**DATA SHOWN:**
- Opening Delimiter -

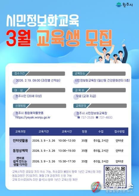 전국연합뉴스 유근택 기자 | 원주시는 시민들의 디지털 활용 능력 향상과 정보 격차 해소를 위해 시민정보화교육 3월 수강생을 모집한다.
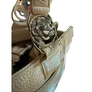 Brighton Cream Pebbled Leather Shoulder Tote Bag With Floral Metal Accents
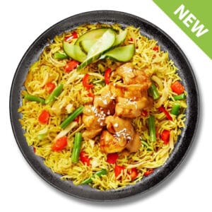 425gr | 439 kcal | 40g eiwit | 38,3g koolhydraten | 12,9g vet Kip, G...

- Closing Delimiter -

**WHAT IS NEEDED:** Print out all the material above exactly as it appears, omitting the images.

**TASK RESPONSE:**
 전국연합뉴스 유근택 기자 | 원주시는 시민들의 디지털 활용 능력 향상과 정보 격차 해소를 위해 시민정보화교육 3월 수강생을 모집한다.
 Brighton Cream Pebbled Leather Shoulder Tote Bag With Floral Metal Accents
 425gr | 439 kcal | 40g eiwit | 38,3g koolhydraten | 12,9g vet Kip, G...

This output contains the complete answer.